*DATA*
····················

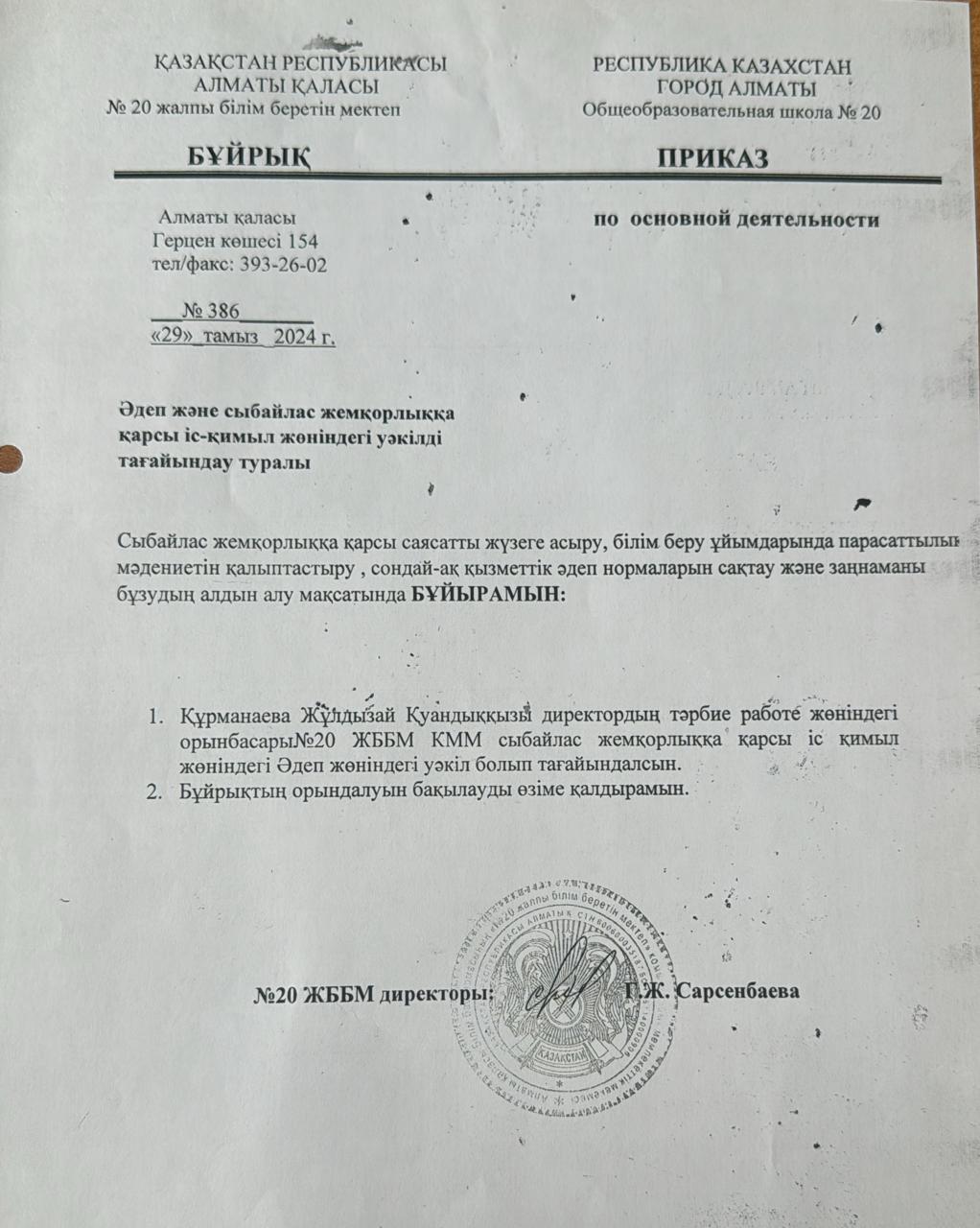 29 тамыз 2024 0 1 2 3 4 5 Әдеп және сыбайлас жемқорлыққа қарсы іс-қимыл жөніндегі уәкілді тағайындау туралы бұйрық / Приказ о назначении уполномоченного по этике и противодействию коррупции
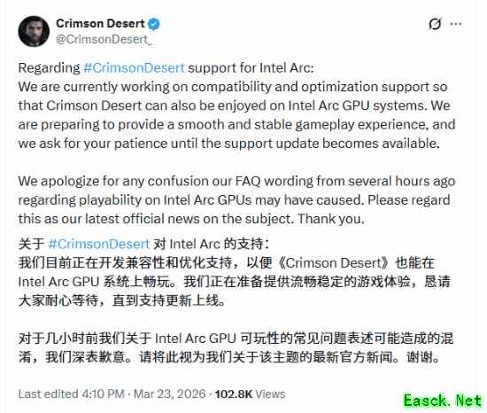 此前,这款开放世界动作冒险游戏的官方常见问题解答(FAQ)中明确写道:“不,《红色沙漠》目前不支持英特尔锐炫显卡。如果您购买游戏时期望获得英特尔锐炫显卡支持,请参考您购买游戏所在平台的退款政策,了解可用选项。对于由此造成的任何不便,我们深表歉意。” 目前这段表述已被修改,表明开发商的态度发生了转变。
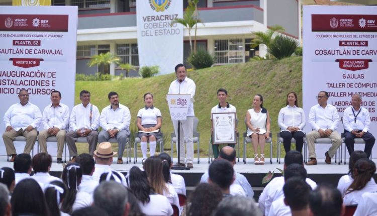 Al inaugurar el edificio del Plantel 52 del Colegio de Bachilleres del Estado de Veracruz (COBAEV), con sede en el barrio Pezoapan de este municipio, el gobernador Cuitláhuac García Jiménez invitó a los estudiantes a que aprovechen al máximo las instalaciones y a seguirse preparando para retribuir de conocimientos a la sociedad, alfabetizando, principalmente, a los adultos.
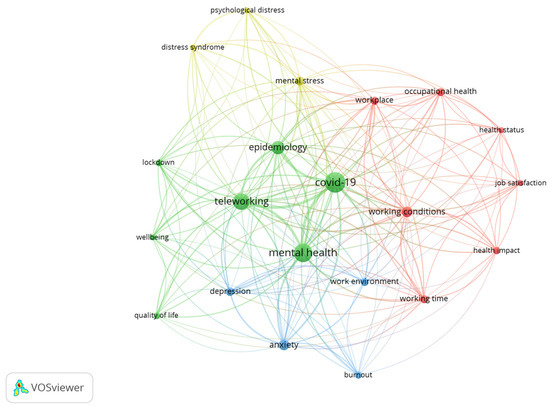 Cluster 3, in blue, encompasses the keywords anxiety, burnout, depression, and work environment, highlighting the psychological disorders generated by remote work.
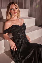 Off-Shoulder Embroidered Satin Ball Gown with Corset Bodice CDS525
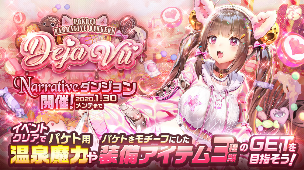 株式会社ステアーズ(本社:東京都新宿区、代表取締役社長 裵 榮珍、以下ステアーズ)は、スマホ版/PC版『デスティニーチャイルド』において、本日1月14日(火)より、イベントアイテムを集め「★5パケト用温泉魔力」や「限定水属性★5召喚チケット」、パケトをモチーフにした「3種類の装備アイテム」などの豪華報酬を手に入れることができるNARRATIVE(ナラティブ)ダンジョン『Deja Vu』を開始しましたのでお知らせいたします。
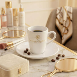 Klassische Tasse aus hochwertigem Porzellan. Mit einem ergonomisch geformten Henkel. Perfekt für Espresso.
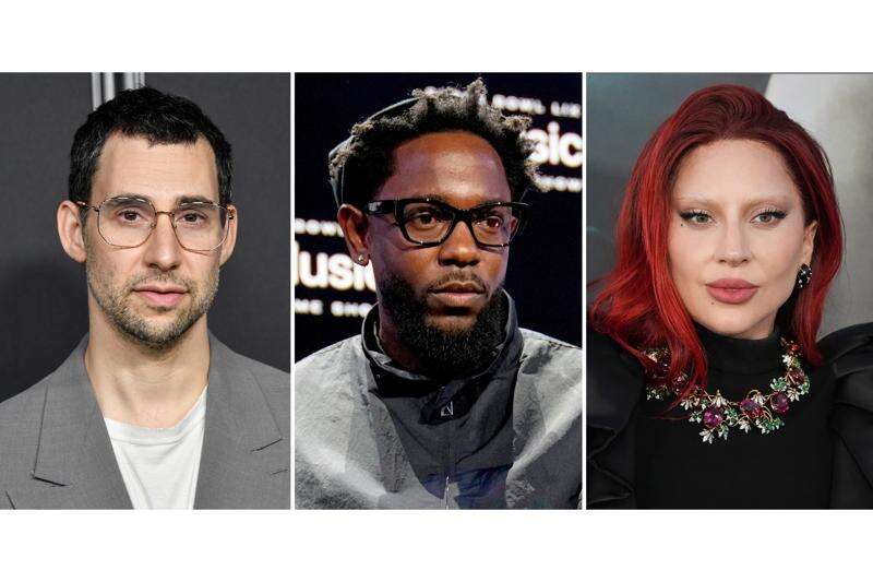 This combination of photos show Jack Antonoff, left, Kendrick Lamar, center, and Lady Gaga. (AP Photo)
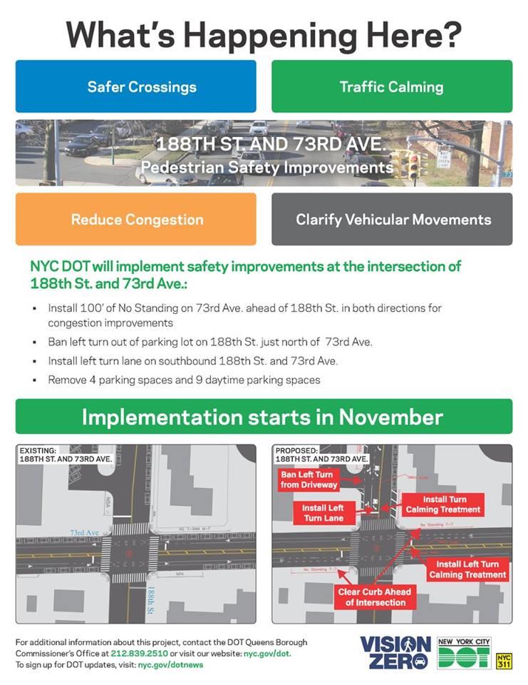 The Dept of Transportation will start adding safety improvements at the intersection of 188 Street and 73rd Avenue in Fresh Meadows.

····················

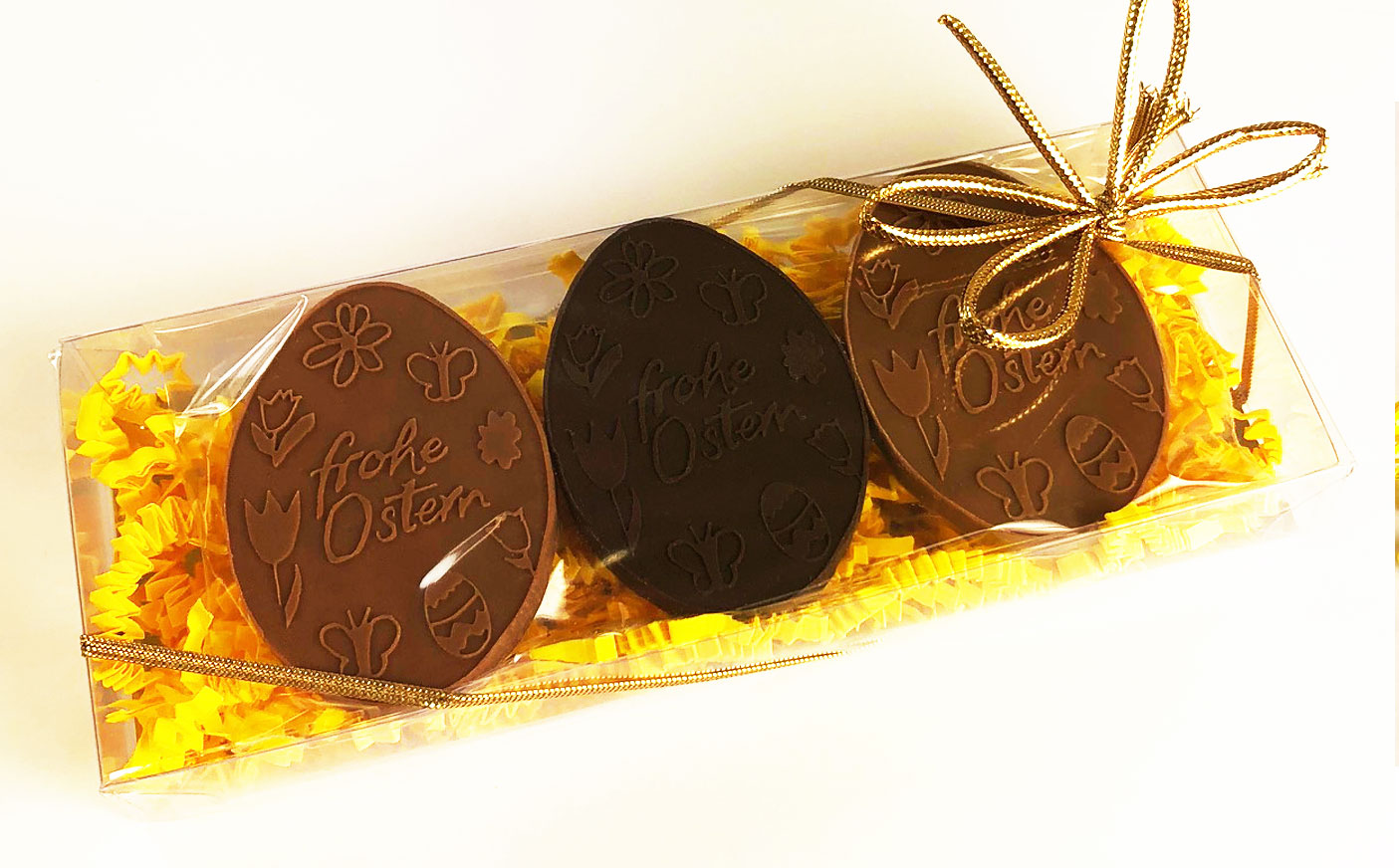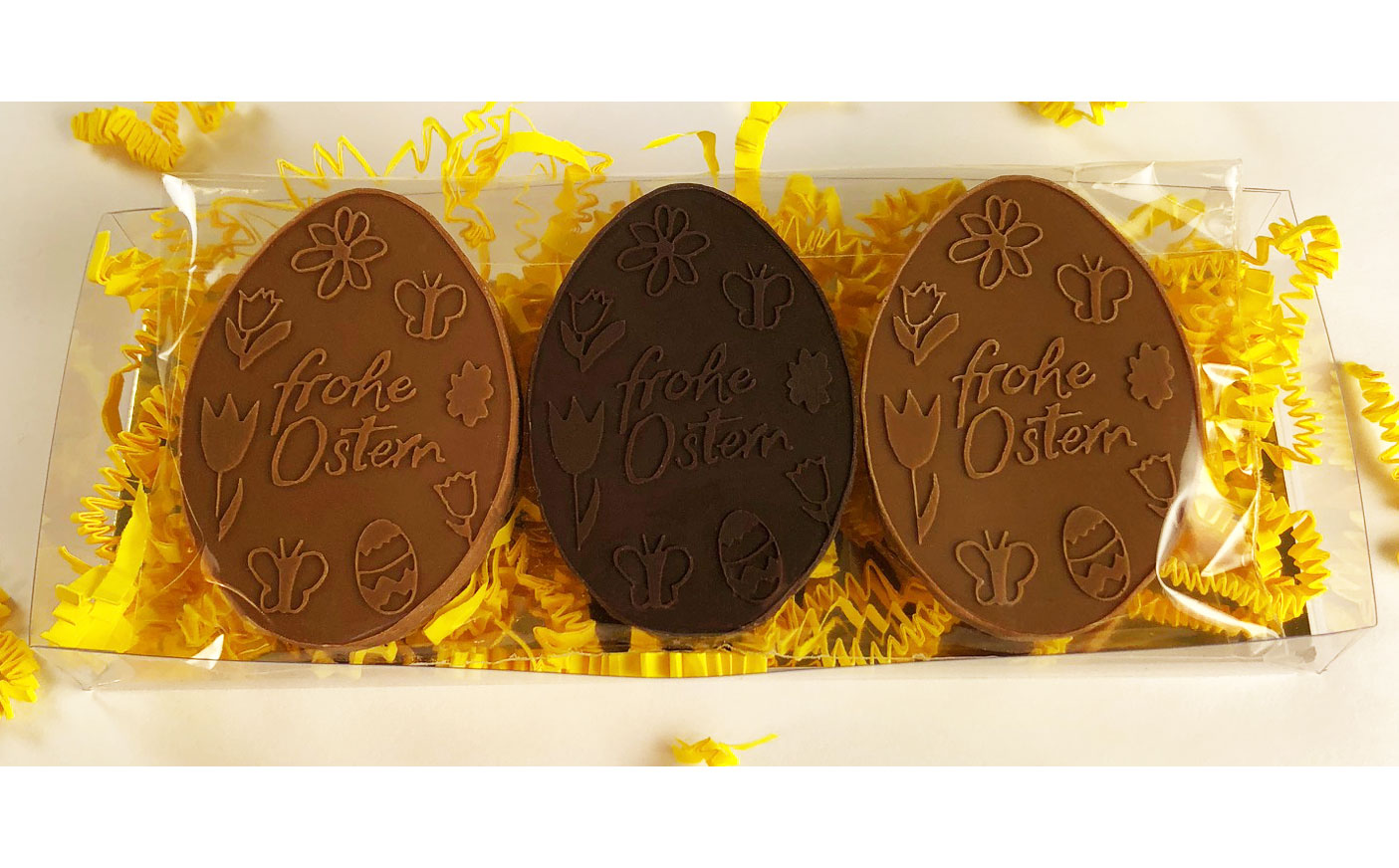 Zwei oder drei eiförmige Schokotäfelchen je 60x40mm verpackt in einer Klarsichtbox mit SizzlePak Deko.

····················

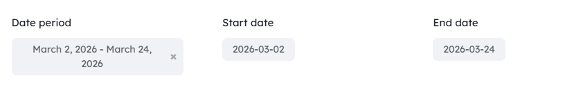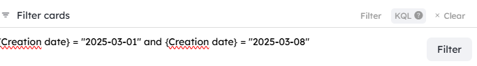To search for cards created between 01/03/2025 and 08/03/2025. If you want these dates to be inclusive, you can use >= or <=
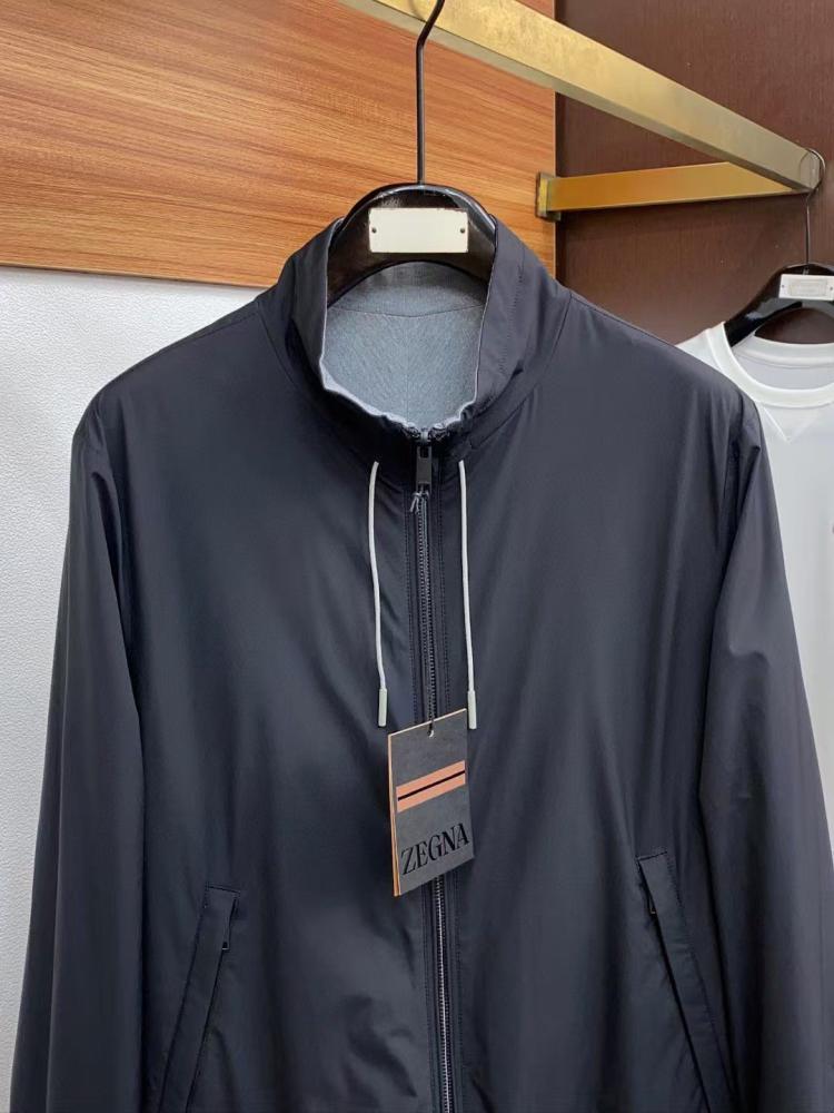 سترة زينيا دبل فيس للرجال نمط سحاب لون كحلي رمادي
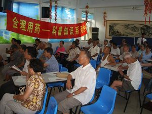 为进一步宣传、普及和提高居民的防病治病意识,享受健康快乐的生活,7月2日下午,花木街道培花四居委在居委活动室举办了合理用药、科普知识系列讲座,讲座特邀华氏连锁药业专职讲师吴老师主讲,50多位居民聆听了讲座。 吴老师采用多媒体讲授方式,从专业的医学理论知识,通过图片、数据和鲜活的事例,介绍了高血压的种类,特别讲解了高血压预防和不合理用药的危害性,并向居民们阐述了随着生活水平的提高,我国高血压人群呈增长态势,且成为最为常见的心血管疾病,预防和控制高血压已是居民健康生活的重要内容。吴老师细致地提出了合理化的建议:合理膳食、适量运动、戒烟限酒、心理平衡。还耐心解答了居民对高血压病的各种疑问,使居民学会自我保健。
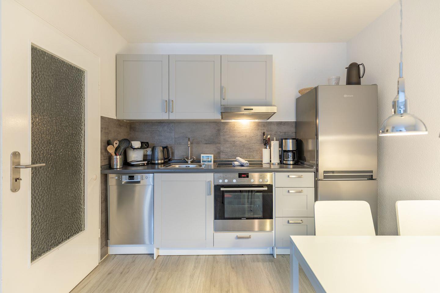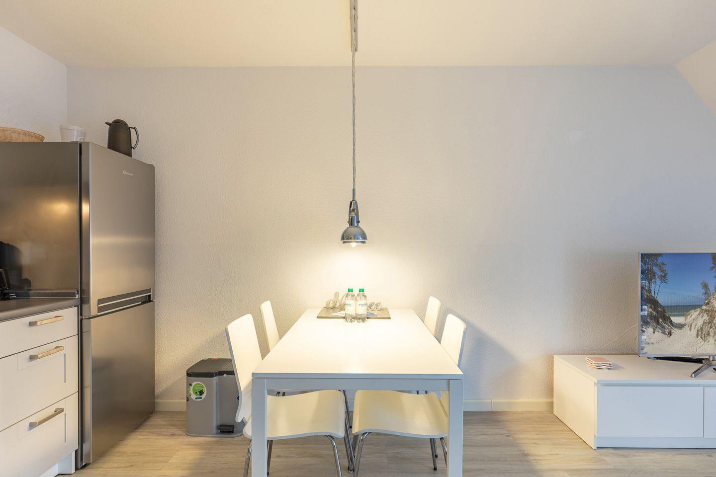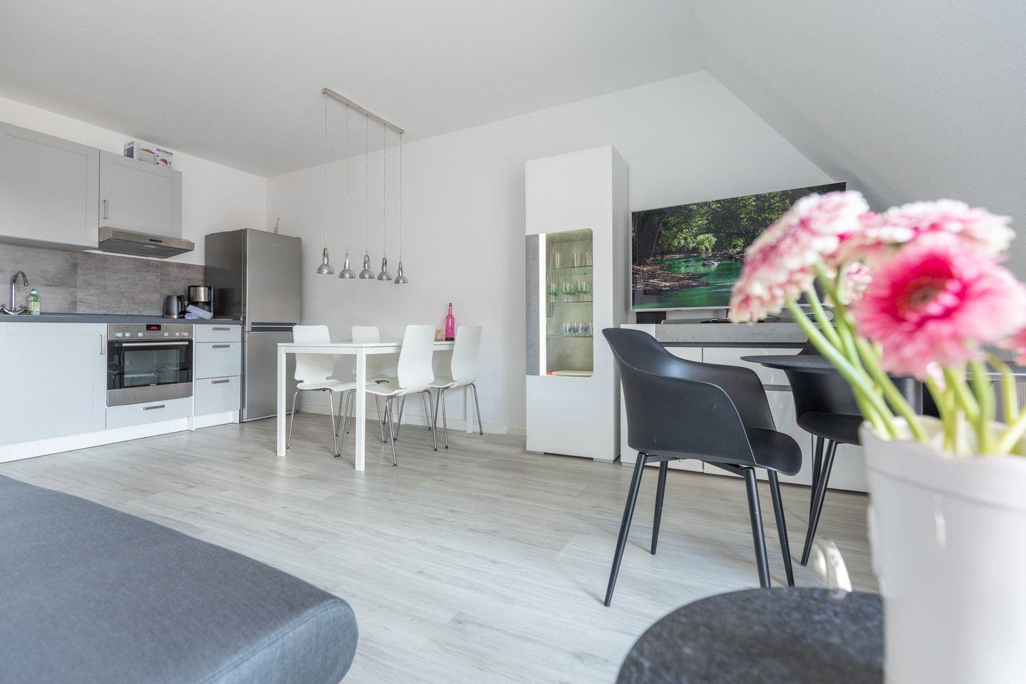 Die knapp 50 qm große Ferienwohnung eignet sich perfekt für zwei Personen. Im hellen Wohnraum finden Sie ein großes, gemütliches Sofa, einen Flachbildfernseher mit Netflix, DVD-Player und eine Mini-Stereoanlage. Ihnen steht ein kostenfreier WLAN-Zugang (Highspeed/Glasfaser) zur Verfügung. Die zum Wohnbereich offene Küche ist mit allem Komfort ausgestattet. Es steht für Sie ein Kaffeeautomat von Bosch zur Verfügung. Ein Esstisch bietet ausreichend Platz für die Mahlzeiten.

····················

*TASK TO CARRY OUT*
The result should be an exact copy of only the lines above from the one that holds "This combination of" through the one that holds "The Dept of", both ends included, without pictures.

*WRITTEN SOLUTION*
 This combination of photos show Jack Antonoff, left, Kendrick Lamar, center, and Lady Gaga. (AP Photo)
 The Dept of Transportation will start adding safety improvements at the intersection of 188 Street and 73rd Avenue in Fresh Meadows.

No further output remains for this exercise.